Hello Everyone,
I have counts data with 366 samples as columns and more than 50k ensembl ids as rownames. The data is stored in a dataframe "U".
Data looks like following:
S1 S2 S3
ENSG00000000003.13 5745 8742 7257
ENSG00000000005.5 4 1 0
ENSG00000000419.11 1394 2211 615
ENSG00000000457.12 344 1166 692
ENSG00000000460.15 405 480 258
ENSG00000000938.11 144 132 110
table(df$Status)
F2 F3 F4 NE
125 220 20 1
library(edgeR)
group <- factor(paste0(df$Status))
y <- DGEList(U, group=group)
keep <- rowSums(cpm(y) > 0.5) >= 2
table(keep)
summary(keep)
Mode FALSE TRUE NA's
logical 35503 24985 0
y <- y[keep, , keep.lib.sizes=FALSE]
y <- calcNormFactors(y, method = "TMM")
design2 <- model.matrix(~ 0 + group)
colnames(design2) <- c("G2","G3","G4","NE")
design2
y <- estimateDisp(y, design2, robust=TRUE)
y$common.dispersion
[1] 1.030704
fit <- glmQLFit(y, design2, robust=TRUE)
head(fit$coefficients)
G2 G3 G4 NE
ENSG00000000003.13 -9.614857 -9.514155 -9.219875 -9.388728
ENSG00000000005.5 -17.008674 -16.908788 -16.166986 -16.630297
ENSG00000000419.11 -10.940426 -10.914407 -10.898501 -10.804819
ENSG00000000457.12 -11.582309 -11.493746 -11.423292 -12.203859
ENSG00000000460.15 -12.362215 -12.205290 -11.947569 -12.040664
ENSG00000000938.11 -12.514476 -12.640490 -13.160899 -13.074225
contrast.matrix <- makeContrasts(G2-G3, levels=design2)
contrast.matrix
Contrasts
Levels G2 - G3
EG2 1
EG3 -1
EG4 0
NE 0
qlf <- glmQLFTest(fit, contrast=contrast.matrix)
topTags(qlf)
Coefficient: 1*G2 -1*G3
logFC logCPM F PValue FDR
ENSG00000124232.9 7.351170 0.86857907 278.9784 6.083121e-47 1.519868e-42
ENSG00000102195.8 7.077038 -0.11326609 236.7369 1.532441e-41 1.914402e-37
ENSG00000165066.12 6.034396 -1.42387186 224.2053 7.269869e-40 6.054590e-36
ENSG00000138161.11 3.629804 0.03880203 210.2262 5.937722e-38 3.242534e-34
ENSG00000164434.10 5.533205 -0.92141498 209.9531 6.488962e-38 3.242534e-34
ENSG00000256463.7 5.278677 -2.52333685 201.0082 1.152294e-36 4.798346e-33
ENSG00000233887.1 4.054302 -4.49118571 200.4813 3.120264e-36 1.113711e-32
ENSG00000196431.3 4.767828 -1.79054718 192.6636 1.759004e-35 5.173259e-32
ENSG00000280109.1 5.872673 0.25250281 192.4883 1.863491e-35 5.173259e-32
ENSG00000180053.7 3.349894 -4.85962856 193.4720 2.948655e-35 7.367214e-32
summary(decideTests(qlf))
Error in array(x, c(length(x), 1L), if (!is.null(names(x))) list(names(x), :
dims [product 99940] do not match the length of object [20]
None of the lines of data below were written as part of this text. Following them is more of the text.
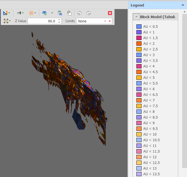 The colours and the filter you have applied to the block model on the Block Model Properties > Filter tab are also applied to a tabbed Legend panel:
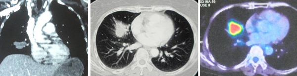 - irregular metabolic active mass (3.2 cm) seen in the apical segment of the lower lobe of left lung.
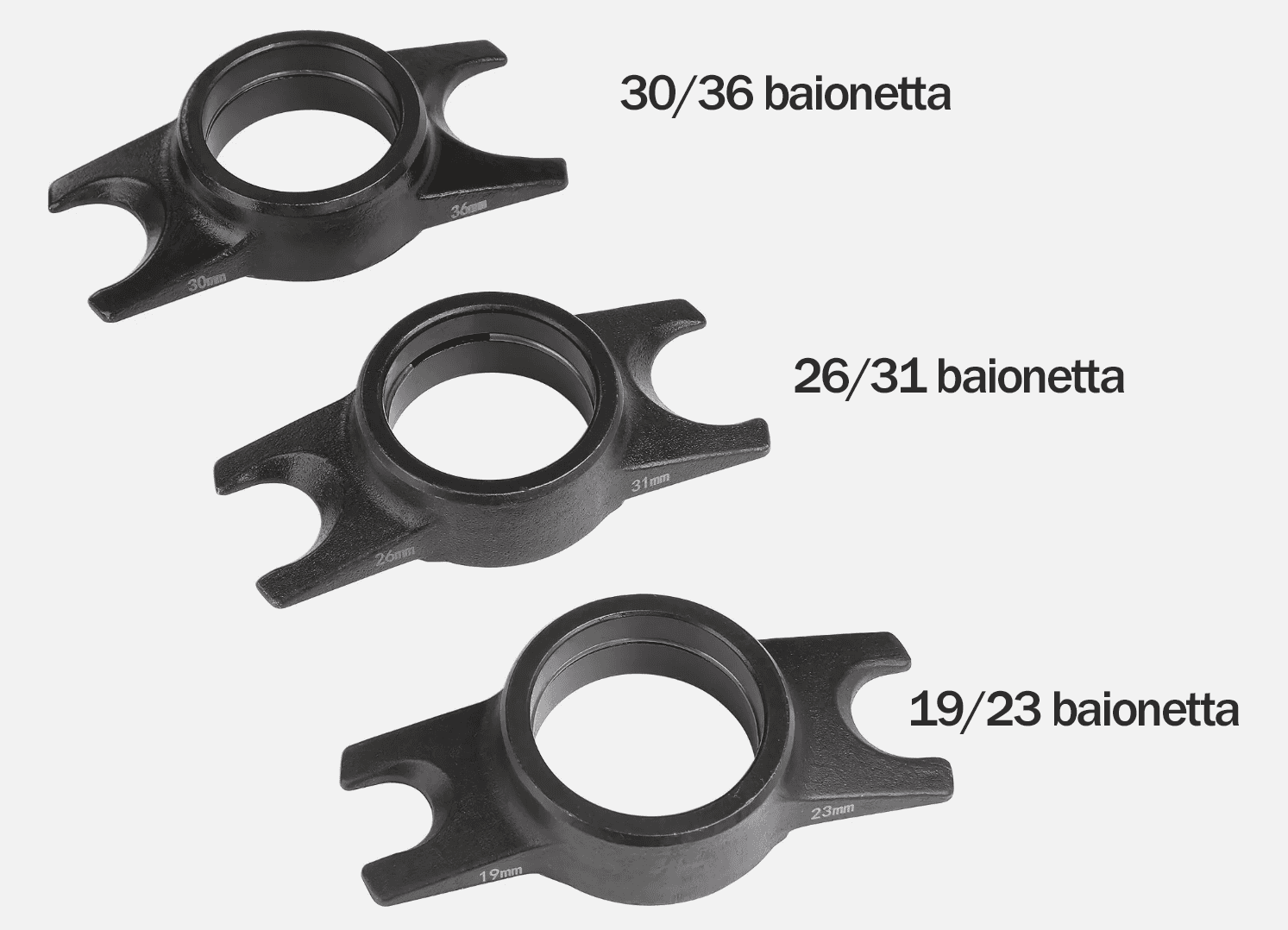 Tre dimensioni di baionetta (19/23, 26/31, 30/36)
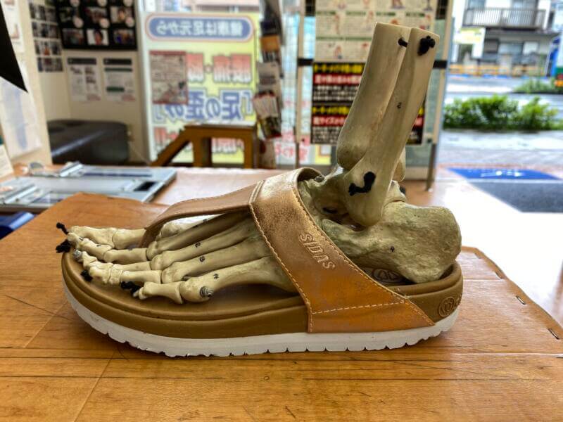 サンダル単体だと分かりづらいので足の模型を履かせてみますね。
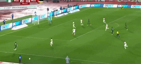Just five minutes later, the favourites doubled their advantage when Lookman’s cross was delicately helped on by Akor Adams, allowing Osimhen to tap into an empty net at the back post. The striker then flicked a header narrowly wide, Wilfred Ndidi shot off-target from distance, and a rare chance went begging at the other end when Faisal Bangal nodded wide from close range. That was the kind of opening Mozambique needed to make the most of to get back in the game, whereas their opponents could afford to see Adams arrow wide in the closing stages of the first half.
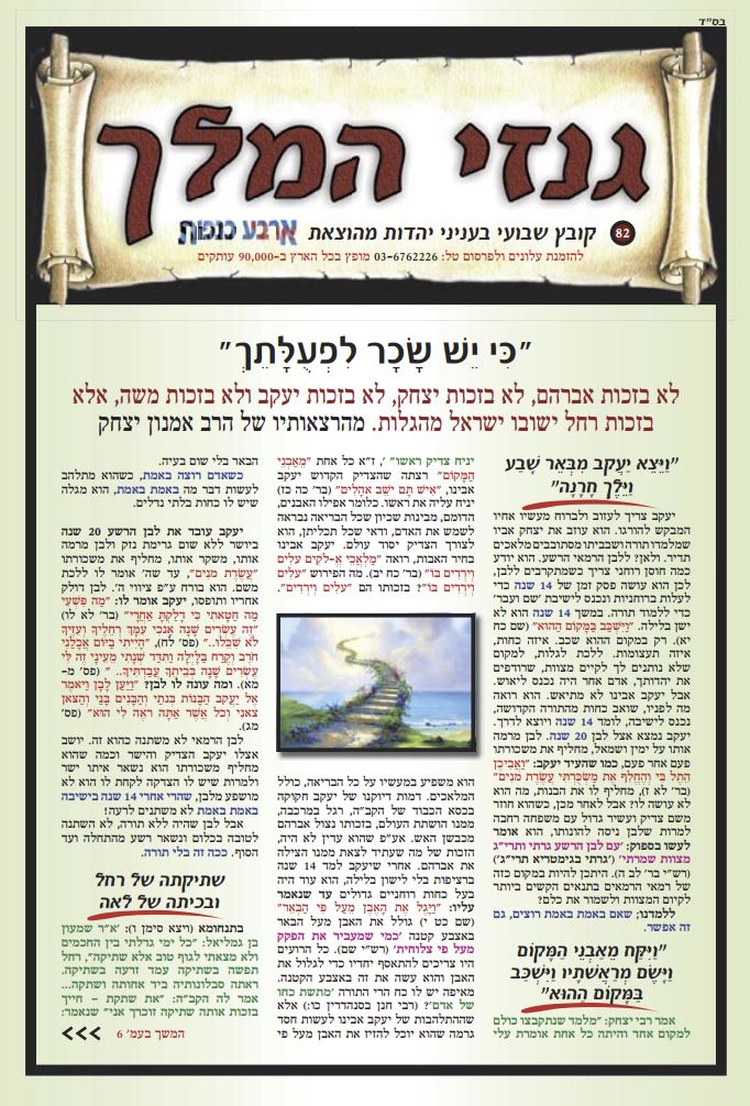 עלי הגיון "ויאמר לבן טוב תתי אתה לך... שבה עמדי" מדוע לבן ששנא תלמידי חכמים הסכים לתת את רחל בתו ליעקב? - לצפיה בגליון המלא מספר 231 לחץ כאן.
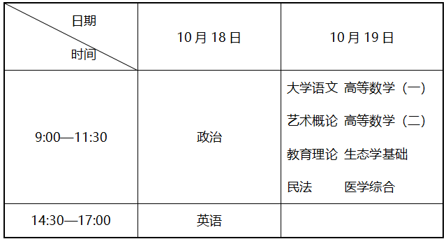 专升本考试时间表
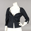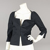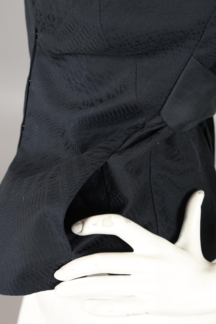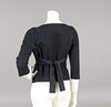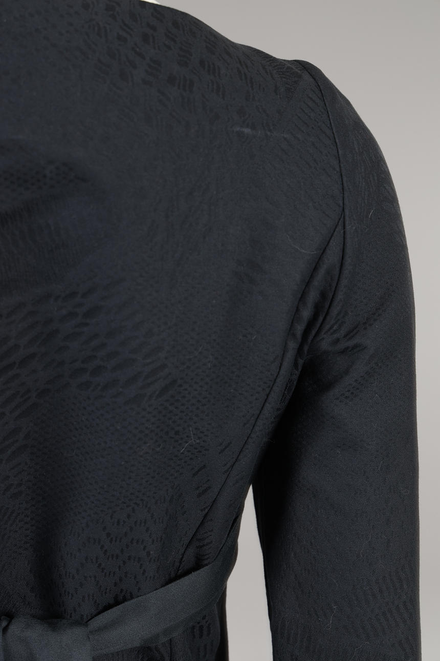 Short jacket in black pattern woven cotton. Fastens with pockets, ties at the waist, hidden pockets. Size FR 40. Back length approx. 50 cm. Bust width approx. 90 cm. Sleeve length approx. 50 cm.
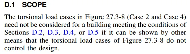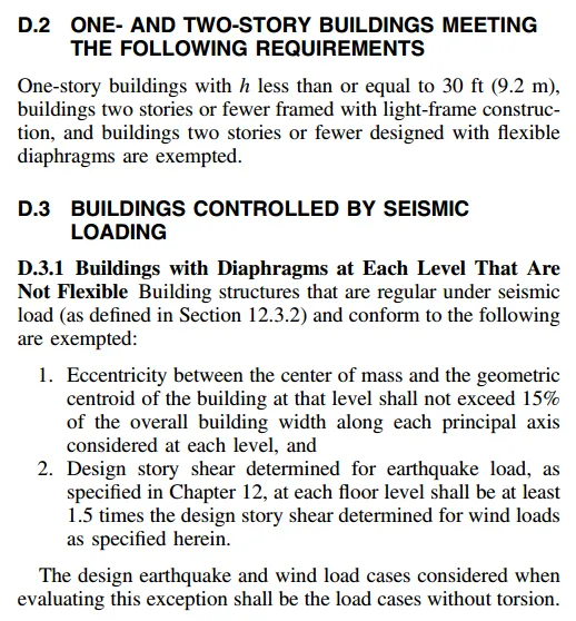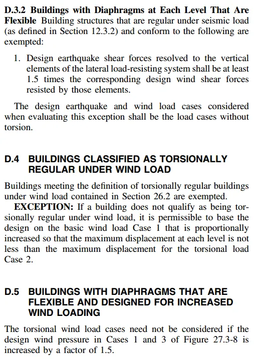 | D.2 - 低矮建筑豁免(最常用)条件:单层建筑,高度 h≤9.2m (30ft);或两层及以下轻建筑;或两层及以下采用柔性隔板(Flexible Diaphragm)的建筑 工程意义:低矮建筑风荷载小,扭转效应不敏感;柔性隔板(如你的檩条屋面)允许变形协调,会自然释放扭矩。 D.3 - 地震控制豁免 条件(需同时满足):建筑在地震作用下是"规则"的(Regular,见12.3.2节)每层地震剪力 ≥1.5 倍该层风剪力 工程意义:如果地震比风大很多(1.5倍以上),即使考虑风扭转,也不会控制设计,因此可以豁免。 D.4 - 扭转规则建筑豁免 条件:建筑满足"风荷载下扭转规则"(Torsionally Regular under Wind Load)的定义(见26.2节)工程意义:质量和刚度分布高度对称的建筑(如正方形平面、均匀布置的抗侧力构件),天然抵抗扭转,无需额外考虑。 D.5 - 柔性隔板 + 增大风压条件:采用柔性隔板(Flexible Diaphragm)设计风压(Case 1 和 Case 3)放大 1.5倍 工程意义:用增大静力荷载的方式包络扭转效应,适用于无法精确计算扭矩但隔板柔性较大的情况(如檩条屋面)。 |
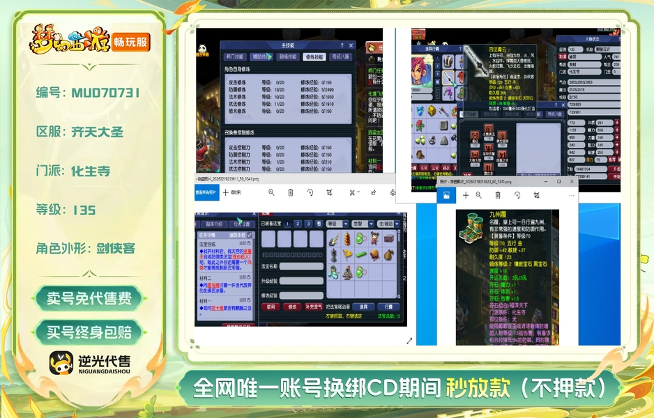 没时间玩了,马上开班了,5个号135级,120大光+双三孔,高资质芙蓉,元宵节活动结束随时飞升,两个号有家具包,一个豪宅,仓库没清理,接近7W副本积分,法宝都齐全,诚心出,通刷一切
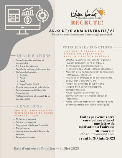 100% of the money raised will be donated to Oasis Santé Mentale, L’Autre Versant, l’Éveil and the Haute-Yamaska Suicide Prevention Center. Organizations that cover the Haute Yamaska and Brome Missisquoi region.
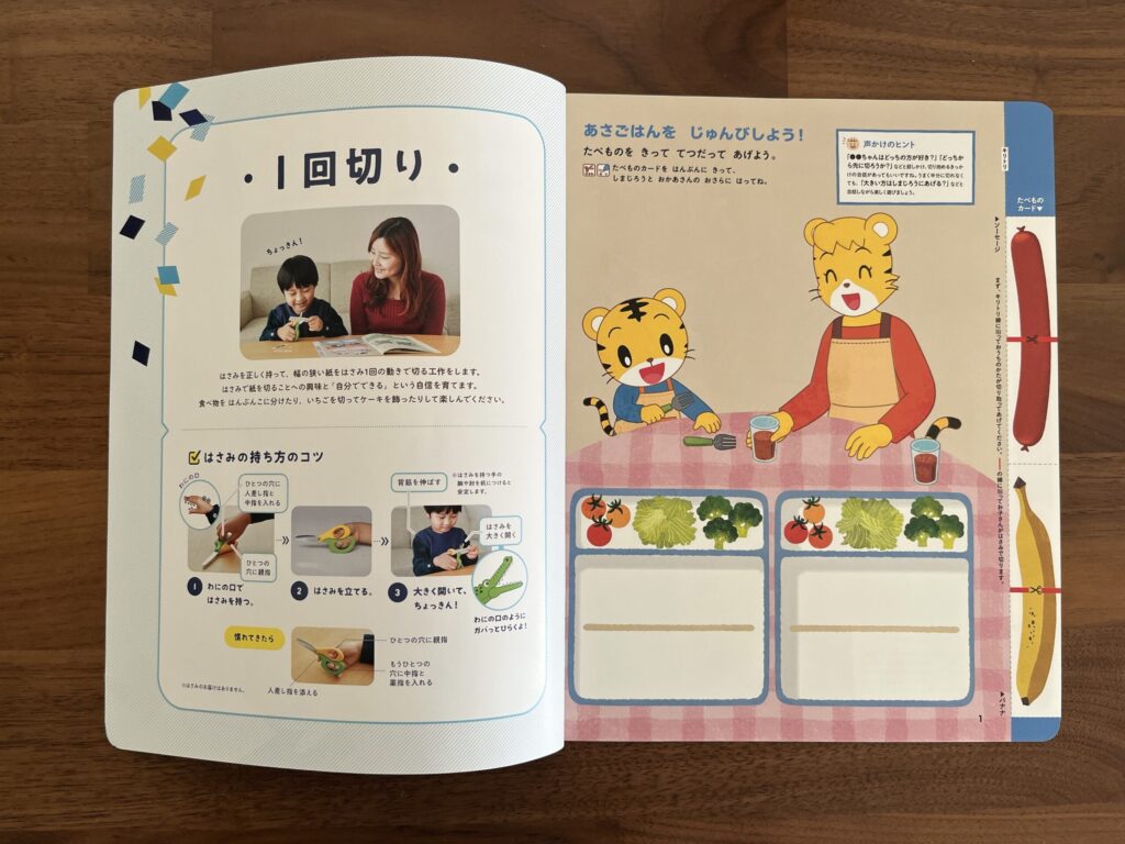 息子はまだハサミデビューしていませんが、時期を見て「はじめてのちょっきんブック」でデビューしようと思います。
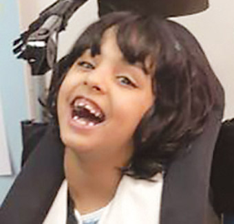 وبين رموز الإرادة تبرز الطفلة «منيرة» ابنة الثامنة، وهي مصابة بشلل دماغي رباعي مع صعوبة في النطق، بل إنها تصنف غير ناطقة، وتستخدم الكرسي المتحرك في التنقل، حيث لا تستطيع الوقوف أو الاعتماد على نفسها في الحركة.
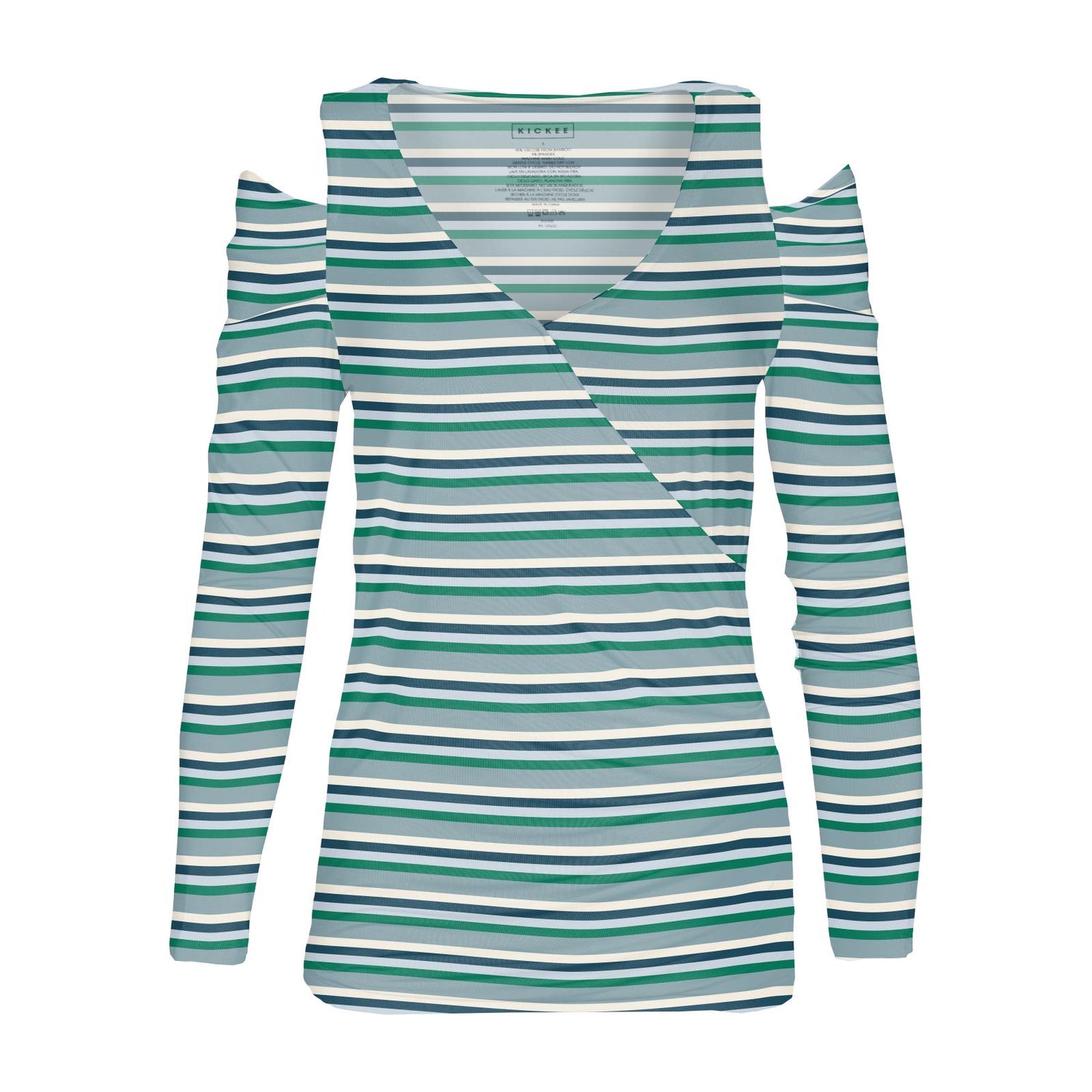 Women's Print Long Sleeve Open-Shoulder Kimono Tee in Stormy Sea Stripe

Can anyone tell me what is this error. Did I go wrong anywhere?
Thank you
Code looks fine to me. Check if
decideTestsDGE
works, in which case it may be an S3 dispatch error. If that also fails, make a minimum working example that other people can run to reproduce the error.Hi Aaron,
Thanks for the reply. I used like following:
summary(decideTestsDGE(qlf))
[,1]
-1 949
0 22517
1 1519
It means 949 downregulated genes and 1519 upregulated genes b/w G2-G3 comparison. Am I right? And in topTags(qlf) Which are differentially expressed genes? On what basis should I consider them as differentially expressed?
And how to save that "qlf" into file?